Description
Is your feature request related to a problem? Please describe.
kgx
's CLI allows transforming several files at once via a process pool, but it is not possible to use multiple cores when transforming a single data file. I am transforming a large jsonl file into ntriples, and was hoping to make it faster by processing it in parallel.
Describe the solution you'd like
I have not dug into every sink, but I believe the jsonl->ntriples transform is a pure function-- one jsonl record goes in, and one set of ntriples comes out. That is, a subsequent line transformed will not rely on any of the previous ones. This seems to make it a good candidate for parallelization. (As I said, I don't know if this is true for every source-sink pair).
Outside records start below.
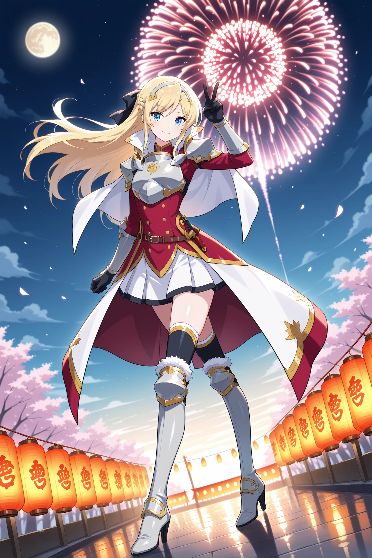 dress, armer, waist cape, white cape, white capelet, shoulder armer, breastplate, long sleeves, black gloves, brown belt, pauldrons, high collar, pleated skirt, miniskirt, white skirt, black thighhighs, high heel boots, thigh boots, armered boots, gray footwearDescription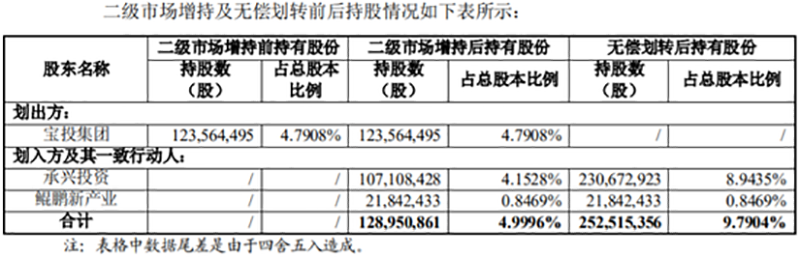 本次无偿划转后,承兴投资与鲲鹏新产业合计持有中国宝安2.52亿股股份,占中国宝安总股本的9.7904%。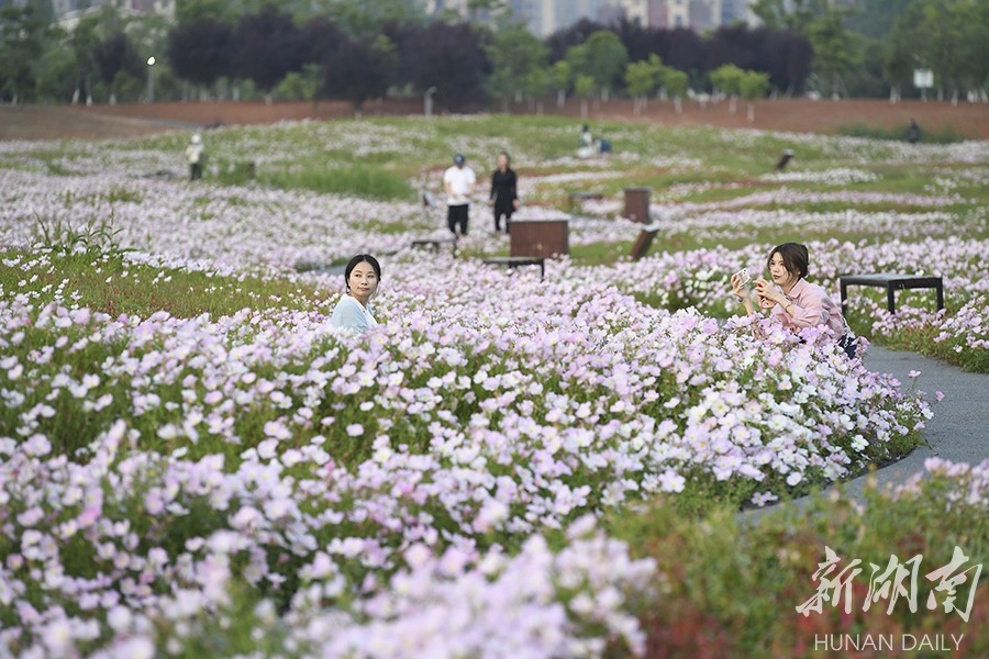 4月20日,长沙洋湖国家湿地公园,市民在月见草花海里留影。近期,随着天气日渐转暖,该公园里的月见草进入盛花期,放眼望去,美轮美奂。湖南日报全媒体记者 辜鹏博 摄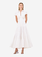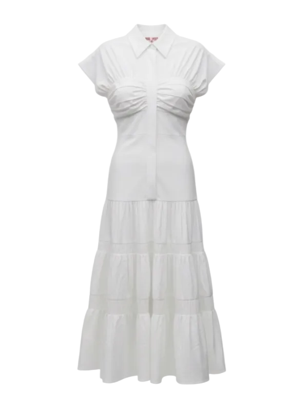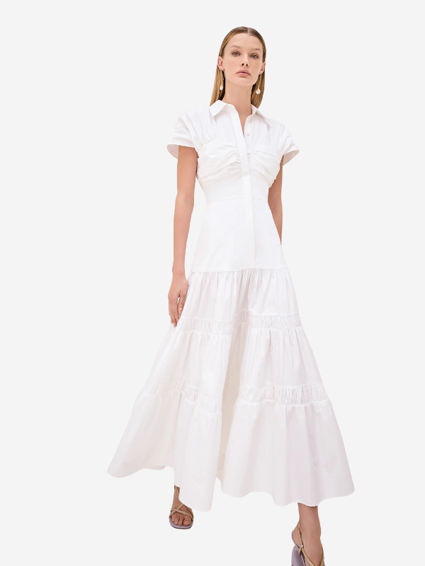 Close-up of the Carosini Dress in White by Alexis showcasing the tiered midi silhouette and shirring detail.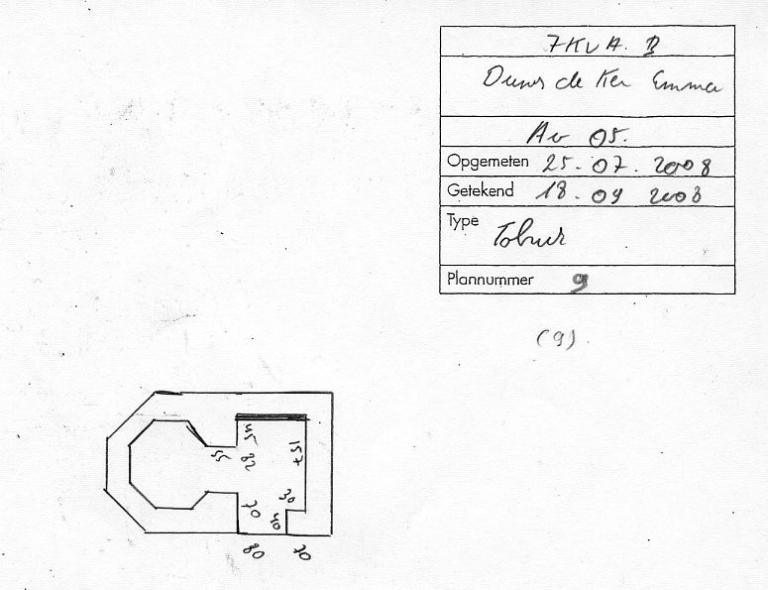 Bunker-poste d’observation et de tir en béton armé, de type 58c (80 cm Ringstand - 8-eckig, octogonal). Implanté à l'ouest du bunker-abri de type VF 1a pour 6 soldats, il est quasiment invisible dans les dunes. Son poste de tir de 0,8 m de diamètre permet de tirer dans toutes les directions.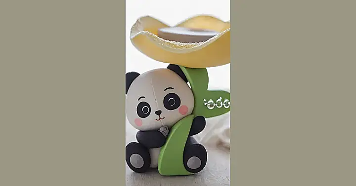 Forget plain old trays! This little black and white friend, cheerfully holding up what looks like a giant, sunny yellow petal, is here to prove that useful can also be utterly delightful. It’s the kind of room decor that makes you smile every time you glance at it, proving that even small items can have big personality. So, whether it’s on your desk, nightstand, or a shelf, this panda isn’t just decorating; it’s bringing some serious happy vibes and making your room feel a little bit more like you.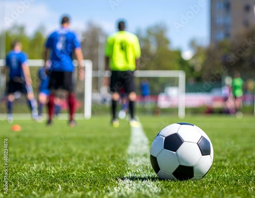 Fototapeta premium Soccer ball on a field with blurred players in the background. Ideal for sports, fitness, and activity themes.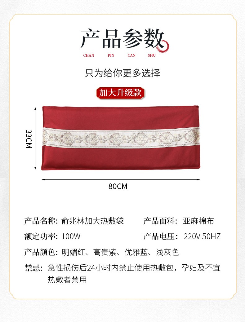 俞兆林电加热盐袋 加大盐包 粗盐海盐热敷包热敷袋 家用理疗袋 护腰膝 棉麻紫加长加宽80*33【药盐混合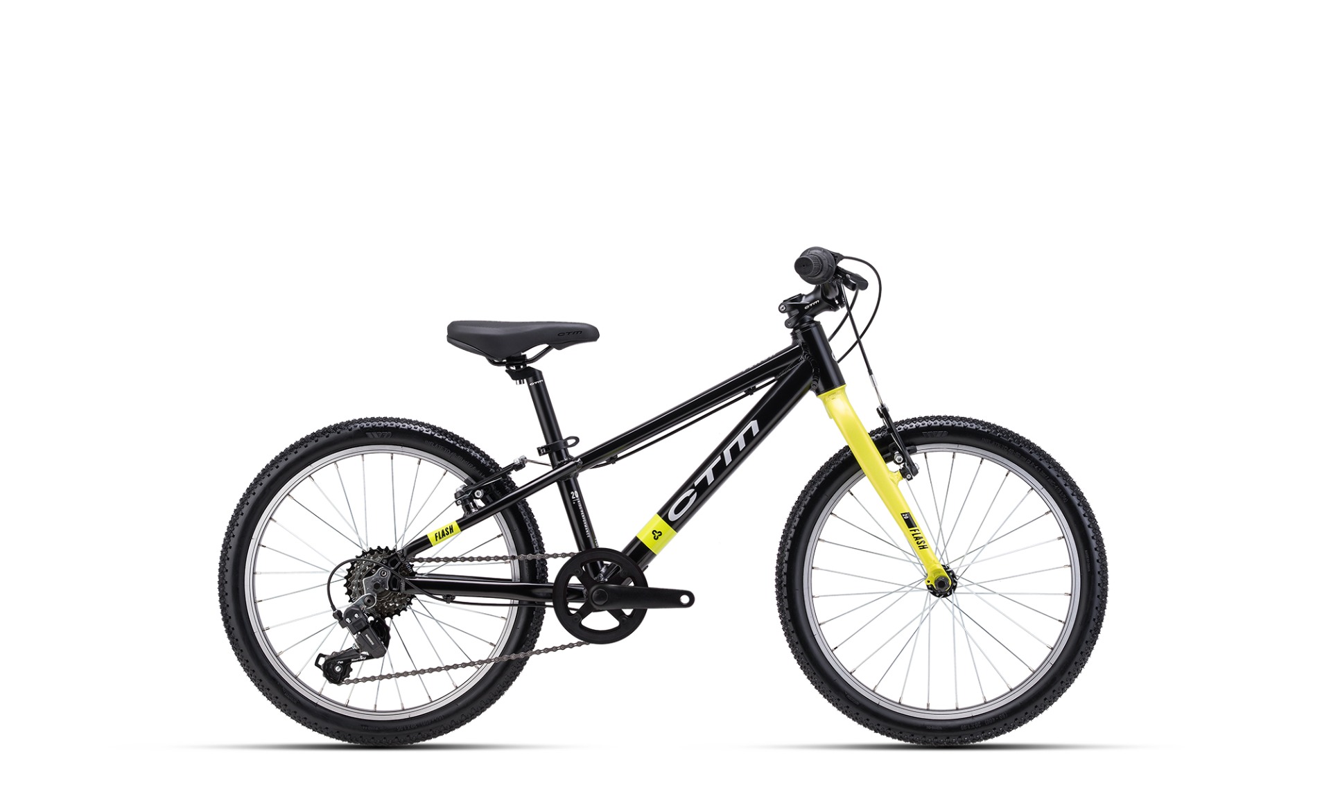 Rám: FLASH, AL 6061, 11"Vidlice: ALLOY 6061 20"Řazení: Shimano RV 300/6 speedPřehazovač: Shimano Tourney RD-TY200Vícekolečko: Shimano MF-TZ500 6 speed 14-28TPřevodník: Prowheel, 32T, 114mmBrzdy: Alloy V-brakeRáfky: CTM 406X20, 28H, blackPláště: 20x1.95" 30TPI skinwallNáboje: Matrix alloy 28HPedály: Junior HF-696Řetěz: KMC Z33Představec: CTM Alloy 60/25,4 mmŘídítka: CTM alloy 540mm 40mm riseHlavové složení: 1 1/8" DIA:25.4/34/30mmSedlo: CTM kids 232x140mmSedlovka: ALU seatpost Ø27,2 x 200mmRychlostí: 6 speed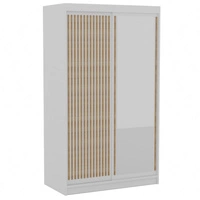 Szafa przesuwna z lustrem Delia 120 cm biała stylowa szafa z ozdobnymi lamelami w kolorze drewna wpasuje się do każdej aranżacji
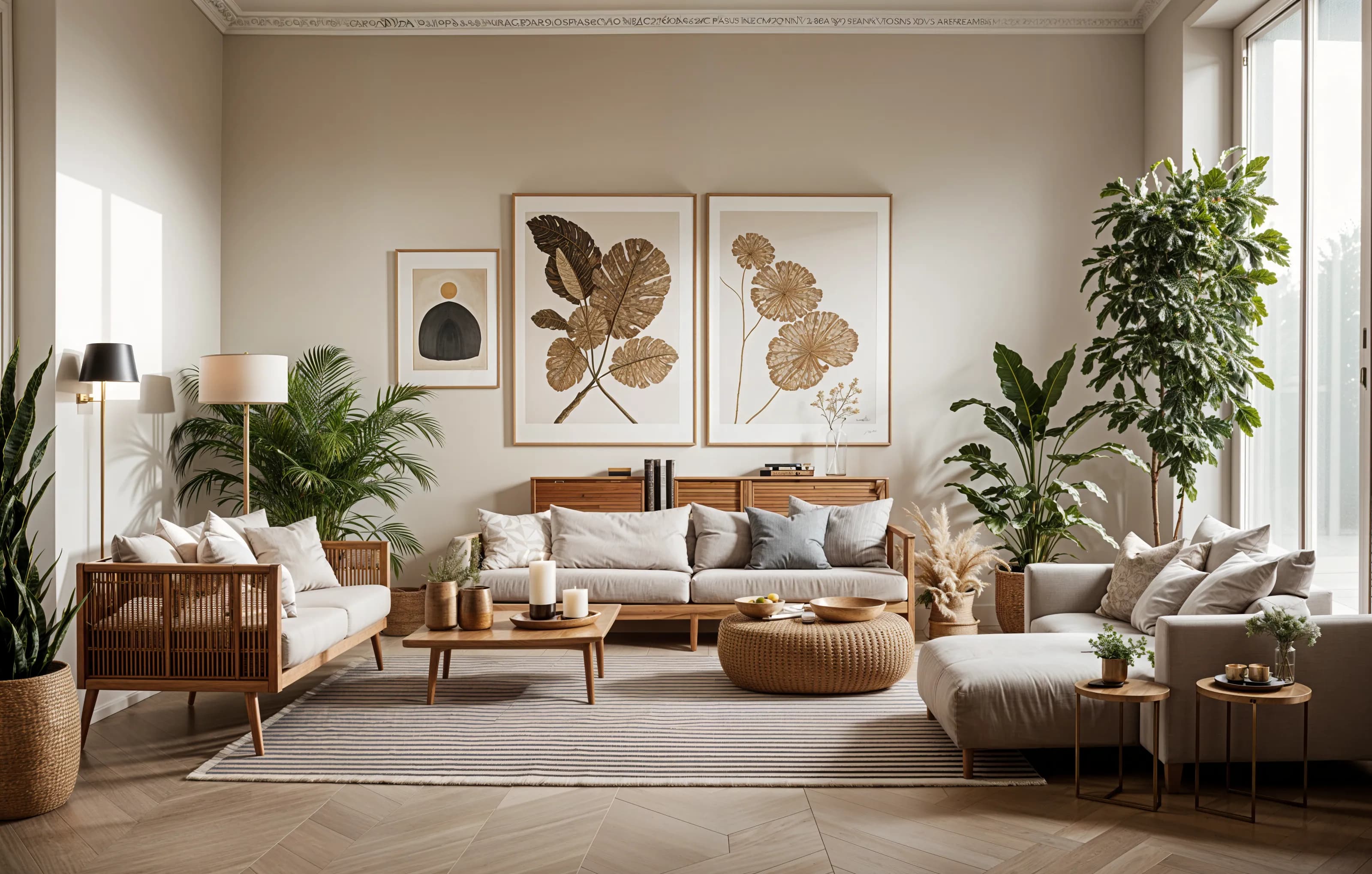 A free-spirited design approach that blends diverse elements from various cultures, boho style has evolved in recent years to embrace minimalism where finding balance is key to creating a harmonious and visually pleasing space. This style showcases a relaxed and layered atmosphere with an array of decor, including vintage furniture, global artifacts, and handmade crafts, complemented by wooden and wicker details. Warm and ear thy tones, along with an abundance of indoor plants, contribute to the Boho aesthetic, creating an inviting and individualistic ambiance.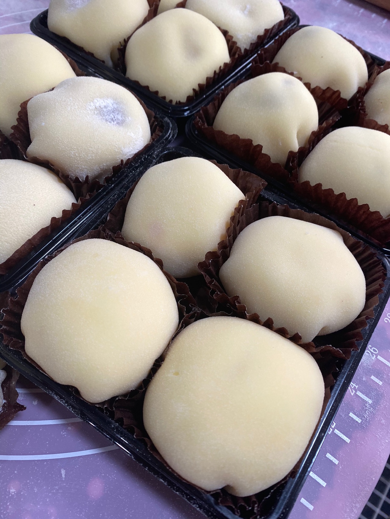 步骤17、翻过来,胖嘟嘟放纸托,装盒,水果雪媚娘成品75g/个。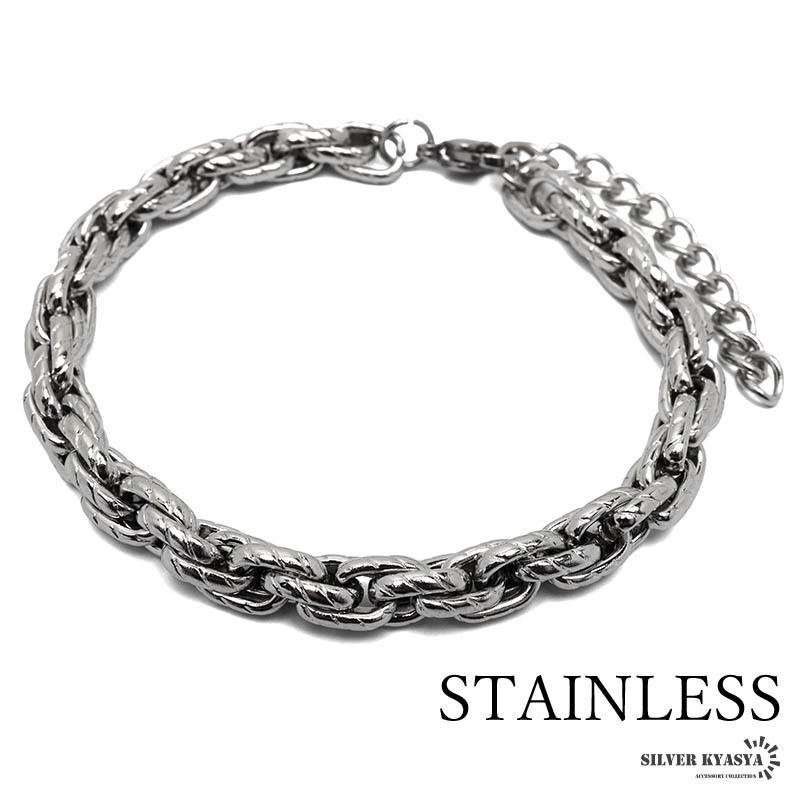 - ステンレス ロープチェーンブレスレット 太幅 ギザギザ コインエッジ ツイストチェーンブレスレット シルバー メンズ 金アレ対応

Describe alternatives you've considered
It would be possible to split up the file ahead of time into N files, where N is >= the number of processes available, and then run the CLI to process all those split files at once. That being said, if there is an opportunity to make computation on a single source parallel, it may be worth doing.
Here is a gist containing an experiment to get this working: https://gist.github.com/ptgolden/8d836d11b9c6b2211e5f606ed6203960
What goes on is the following:
- A thread is created which will receive ntriples and do something with them (the current attached function just counts the triples, but there's also a function written in that gist which will write them to a file)
- N processes are created containing a
kgx_worker
function that instantiates a sink and a source - A nodes file is read line by line. After a chunk of nodes are read, they are added to a queue. The
kgx_workers
read from that queue, convert the record usingsource.read_node
, transform it usingsink.write_node
, and then write the result to a queue containing ntriples. The thread created in (1) consumes those ntriples. - Same as 3 but with an edges file.
- After the nodes and edges files have been consumed, the processes and threads are sent a sentinel value to terminate them.
This is admittedly a bit hacky-- it relies on the fact that the RDF sink stores its file handler in its constructor. That file handler is replaced by an io.BytesIO
object to intercept writes. A more robust method would likely require a transform not to assume that it is reading or writing to a file.